The Payment Services Directive (PSD2) requirements for digital payments were first introduced two years ago. What effects and benefits have followed the legislation?
European security level standards are increased thanks to PSD2. Still, fraud is not stopping. Also, the COVID-19 pandemic has risen exponentially the phenomenon. Regulation can help, but it cannot solve the problem since the weakest link of the fraud issue is always the end-user.
Indeed, Strong Customer Authentication (SCA) introduction as one of the PSD2 requirements made it more complex to fraud on technological vectors. Since two-factor authentication occurs on different channels (web and mobile), developing coordinated malware attacks between browser and mobile app has become challenging for fraudsters. This initially led to a decrease in financial malware. Then, in 2021, mobile malware resumed its growth.
The fraudsters have adapted to PSD2, modifying how to approach the victims. Mostly, they choose social engineering to induce the user to make payments or provide valuable information to finalize the fraud. Social engineering is different from all other types of payment fraud because the fraudster does not directly compromise a payment transaction or a financial institution. Instead, the fraudster exploits human error or cognitive biases to manipulate a user into disclosing personal credentials to commit fraud. European Central Bank (ECB) admitted the limits of the technical security measures provided by the PSD2 regarding social engineering, underlining the importance of end-user awareness campaigns to raise awareness on this sneaky phenomenon.

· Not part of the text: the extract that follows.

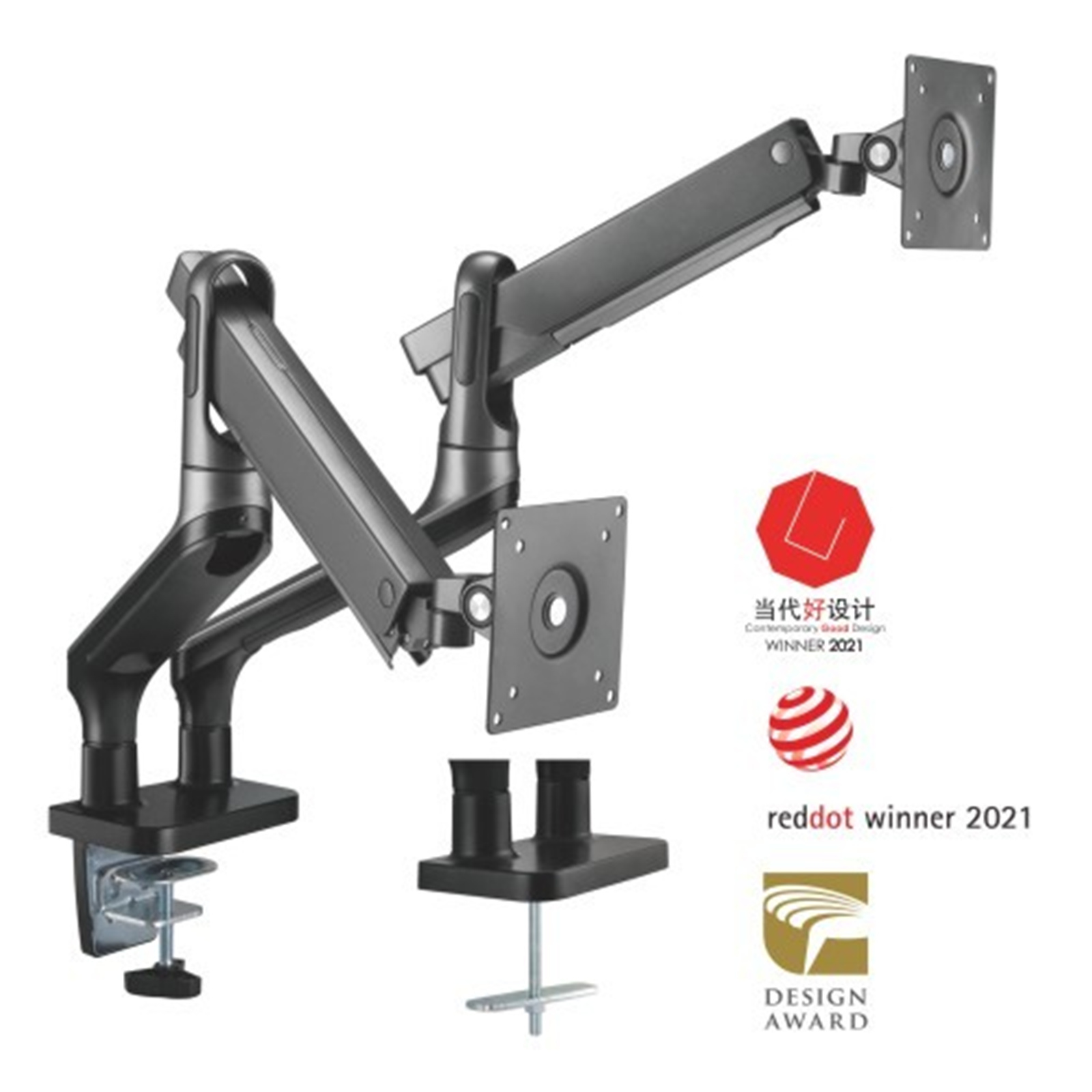 DUAL MONITOR PREMIUM ALUMINUM SPRING-ASSISTED MONITOR ARM For Most 17''-32'' Flat Panel and Curved Monitors

HOW DOES SOCIAL ENGINEERING WORK?
Social engineering is a manipulation technique that exploits human error to gain access to valuable private information. Initially, the fraudster collects victims’ personal information through phishing campaigns or purchasing it on the dark web. Then, he contacts the victim pretending to be a bank operator, and instructs him to access the bank account (first-factor authentication). Here, we have three scenarios.
The first one is about activating a token to let the victim authorize the fraudulent payment (second factor).

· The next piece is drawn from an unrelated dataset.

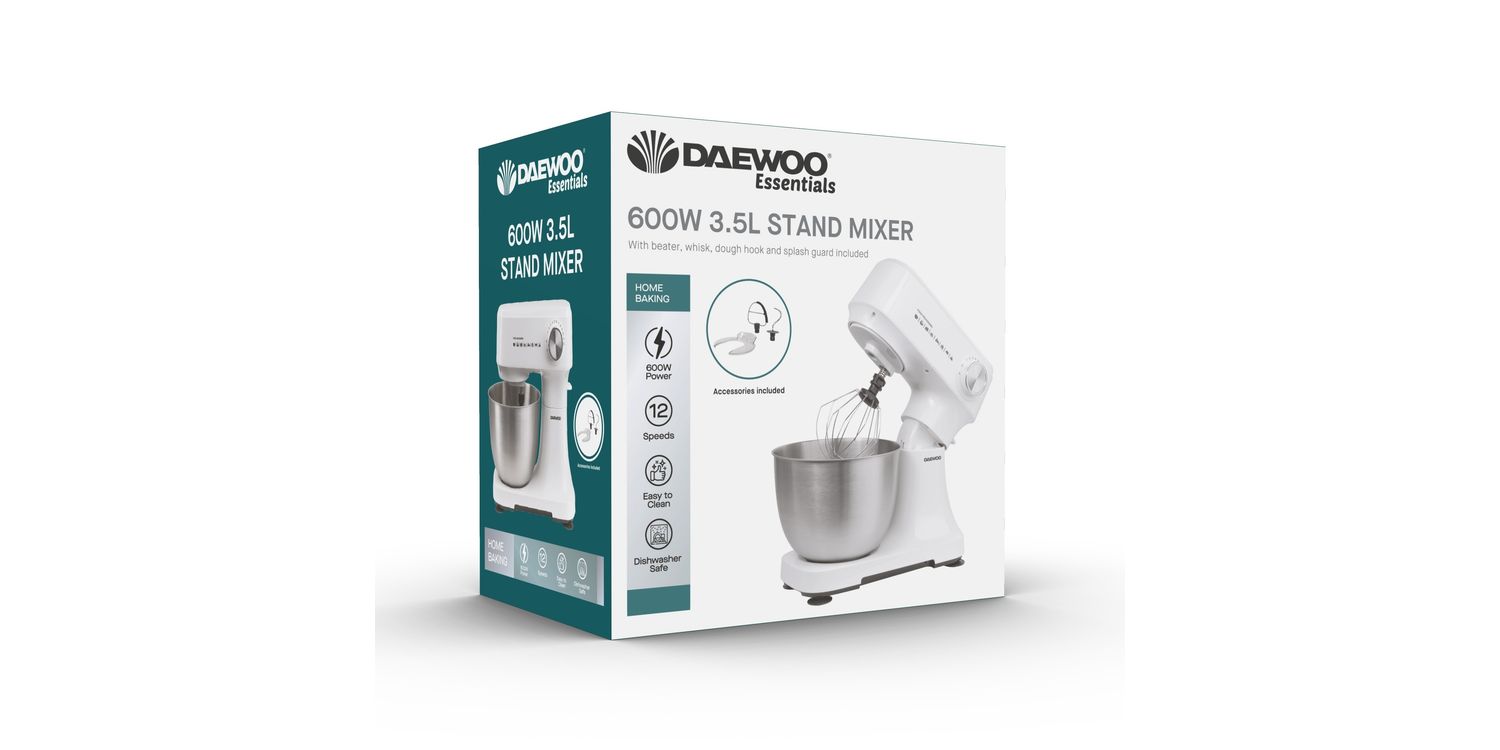 Includes 3.5L bowl, beater, whisk & dough hook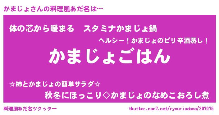 | 意味不明あだ名 | 『なめこ科かまじょ属』『自称かまじょ』 |

In the second scenario, the fraudster induces the user to download a remote management tool (not necessarily malware) on the user’s device. Then, he takes control of the device and finalizes the payment.
The third scenario happens when the user is pushed to authorize the payment autonomously.
As we found out, social engineering fraud is not easily addressed by the fraud prevention requirements introduced in PSD2. Then, the most successful way to block real-time any suspicious operations is having a behavioral-based anti-fraud system capable of making the most of the information collected about the user and his devices.
XTN Cognitive Security Platform® provides functionalities to fight social engineering phenomena thanks to holistic controls evaluating a wide range of risk indicators, for example:
- Behavioral analysis of user operations: identifies if transactions diverge from user usual operations habit.
- Biometric analysis of user-device interaction: useful for identifying Accounts Takeover
- Correlation of suspicious patterns: for example, a series of suspicious payments after a token initialization.
- Geolocation anomalies identification between the web and mobile channel: a valid indicator in the context of a broader assessment.
- RAT detection: detect operations remotely governed via RAT (even if performed by legitimate solutions such as TeamViewer)
- Device fingerprinting analysis: useful for detecting anomalies such as devices shared by a suspicious number of users.